# Kinetic energy of a bullet

A bullet with a mass of 4.90 g and a speed of 609 m/s penetrates a tree to a depth of 4.07 cm. Assuming that the frictional force is constant, determine how much time elapsed between the moment the bullet entered the tree and the moment it stopped.

I thought I could use the equation time = distance divided by velocity, but that's not right. Apparently the answer is 1.33e-4 and I can't figure out how to get it!

HallsofIvy
Homework Helper
You CAN'T use "time = distance divided by velocity" because there is no constant velocity.

My first thought was to use "energy". At first the bullet has kinetic energy (1/2)m v2= (1/2)(0.0049)(609)2= 909 Joules (I converted mass from grams to kg). At the end it has no kinetic energy. The "constant friction force" must have done work equal to that, and since the force IS constant, that is "force times distance". You can use that to find the force: F*0.0407= 909 so
F= 909/0.0407= 22326 Newtons.

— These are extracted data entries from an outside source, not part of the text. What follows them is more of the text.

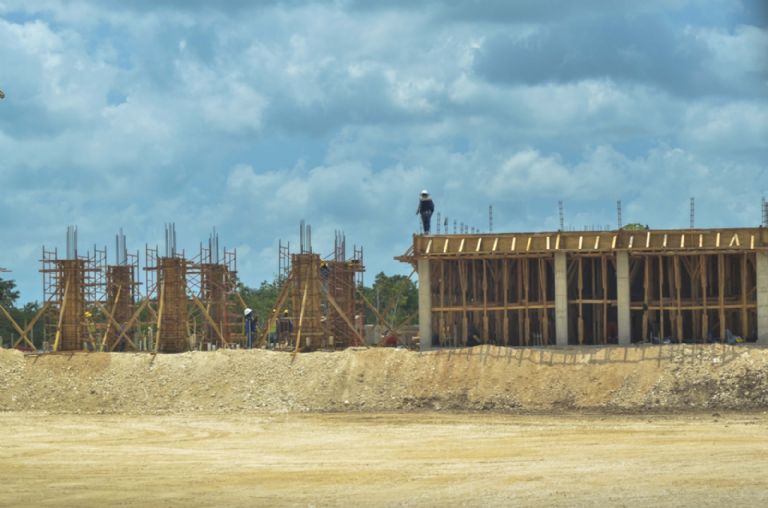 Durante el mediodía de ayer jueves, una ligera y rápida lluvia sorprendió a los trabajadores de las obras del Tren Maya, pero ni el agua ni la alta humedad que se desató después pudieron frenar las actividades de esta obra, que es visible desde la Carretera 180 o, como mejor le conocemos los cancunenses, “la brecha”.
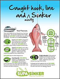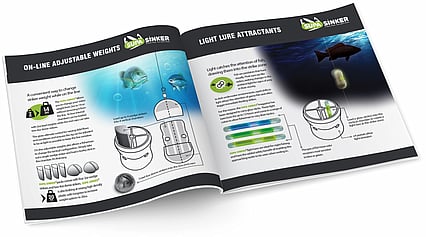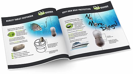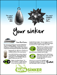 Peter Welsh invented a revolutionary sinker. His product needed a positioning strategy, a brand name & logo and marketing materials. The key offerings that needed to communicated: this soft-skinned sinker doesn't damage your boat + helps attract & catch fish.
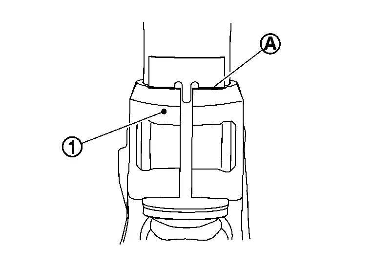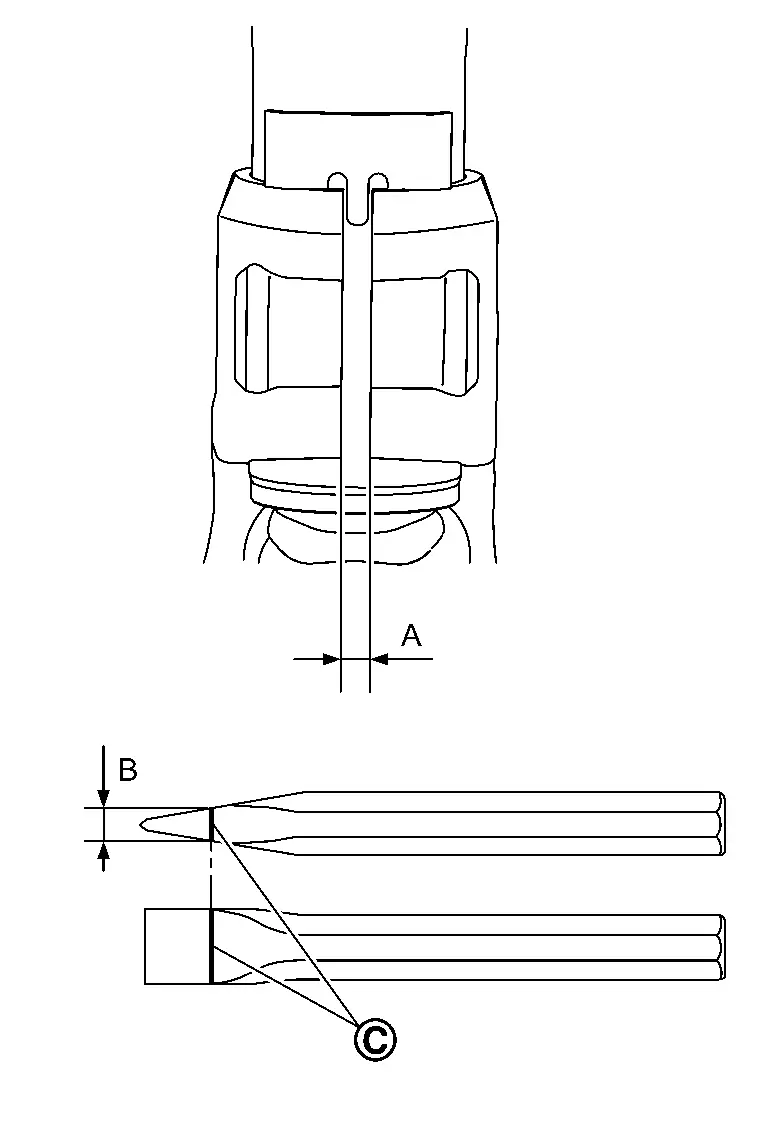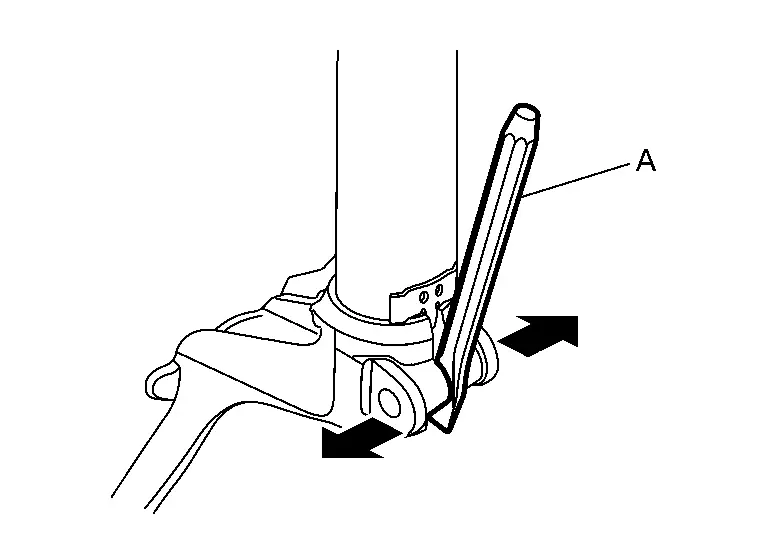 Enlarge the gap of the steering knuckle with the chisel (A) (commercial service tool) not to surpass a limit as shown in the figure.
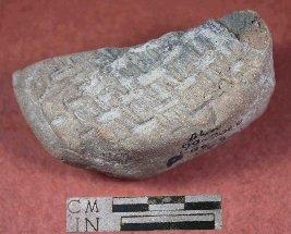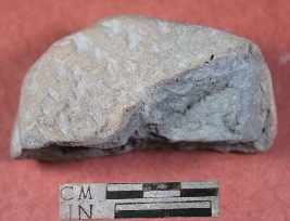 | Description / विवरण | Fragment of a scrubber with irregular shape having some design and rough surface. It is red in colour |
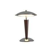 The Volos Dome Table Lamp by Mooiehome exudes retro-futuristic charm with a modern twist. Its sleek metal dome shade casts a focused downward glow, ideal for task lighting or creating a cozy reading corner. The rich wood column adds warmth and contrast to the polished metal base and cap, while a subtle glass diffuser softens the light for added comfort. With its sculptural silhouette and timeless palette, the Volos Lamp is a standout piece for desks, nightstands, or accent tables—where design meets function in the most refined way.
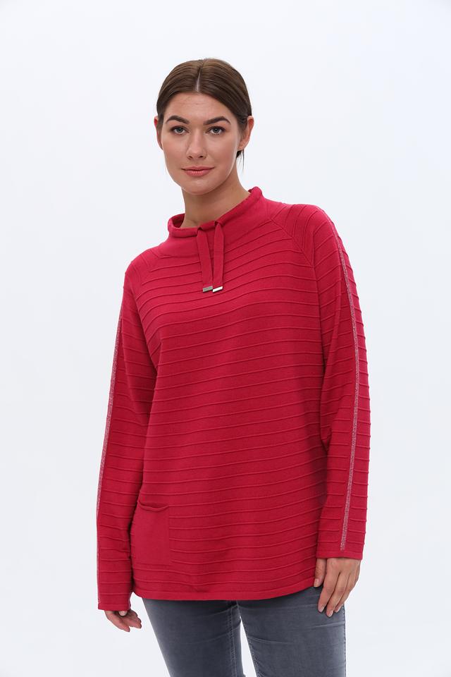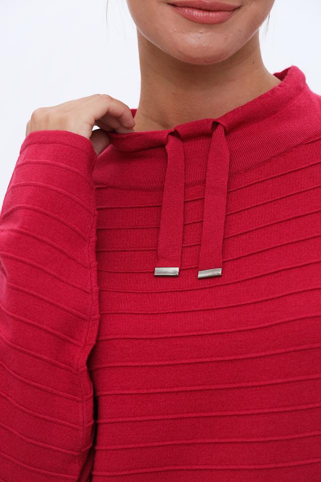 Малиновый пуловер от Lebek с капюшоном и горизонтальной текстурой. Изготовлен из сочетания акрила, хлопка и полиамида, обеспечивая комфорт и удобство в носке. Подходит для создания стильных повседневных образов. Состав: полиакрил 45%, хлопок 45%, полиамид 10%

Once you know the force, you can find the acceleration (f= ma): 22326= 0.0049a so a= 22326/.0049= 4556278 m/s2, and then determine the time for the velocity to reduce to 0: 4556278 t= 609 so t= 609/4556278= 0.00134= 1.34 x 10-4 seconds.

Another way, MUCH simpler (I thought of it AFTER I did the above!) is to use "average velocity". As long as the acceleration is constant, which it is here because the friction force is constant, the average velocity is just "(initial velocity+ final velocity)/2" which, here, is (609+ 0)/2= 304.5 m/s.
At that average velocity, the bullet will require 0.0407/304.5 =
0.000134= 1.34 x 10-4 seconds to penetrate 0.0407 m.
(And we didn't need to use the mass!)